How do i cope with the fact ive prematurely aged at 30 years old due to a hard life and stress ?
i have never built up any relationships in life with either male or female because of the trauma and mental health problems i sustained.

growing up and throughout my life i have been bullied severley….ive suffered assaults, muggings…time in a psyche hospital……homelessness…survived alot of horrible thangs..

ive never been employed, never had qualifications….and have been on welfare benifit the majority of my life.

i suffer with extreme low self worth but iam also very vain in my mind.

i have physical imperfections that get me down, ive aged prematurley…dark lines under my eyes….im bald….i have 2 missing teeth, front, bottom row…need implants, which are expensive.
i have physical worries im having investigated at the moment…aching joints, frequent urination.
i recentley met a cute, chubby ginger haired girl from kansas via myspace, i added her to msn messenger and have sent her a couple of emails which she has responded keenly to…….recently she said she cant wait to have a ‘ live ‘ chat through instant messenger…….problem is shes never seen me…..doesnt no all these things about me…..and im scared of her rejecting me once she finds out the truth.

Lukes Love Life answers:

With the greatest respect people react to people that show confidence even if it is a facade.

Everyone has issues, personality disorders and depression to some extent. It is just that some people have learnt mechanisms to cope with their concerns and adopted a mind set that allows them to interact with the rest of society in a positive way.

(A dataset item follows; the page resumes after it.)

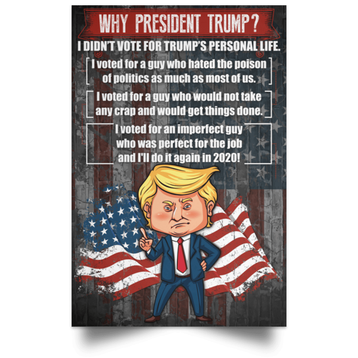 Shop Why President Trump I Vote For An Imperfect Guy Who Was Perfect For The Job Unframed Poster – Trump 2020 Sign.

Although one shouldn’t really give advice I recommend the fist step is to take ownership of your worries, accept that you are who you are but over time you become what you want.

For instance if you have bad skin, recognise that this can be caused by poor diet, lack of sleep, lack of exercise or bad hygene. Take things slowly but rather than talking about the problem make a small step to address it, go for walk, make a healthy meal, get good relaxing nights sleep, give up drug taking or smoking just something to make you feel that you have begun on the right path.

Afterall, 30 is not old you probably have more than double that time to become the person you ultimately want to be.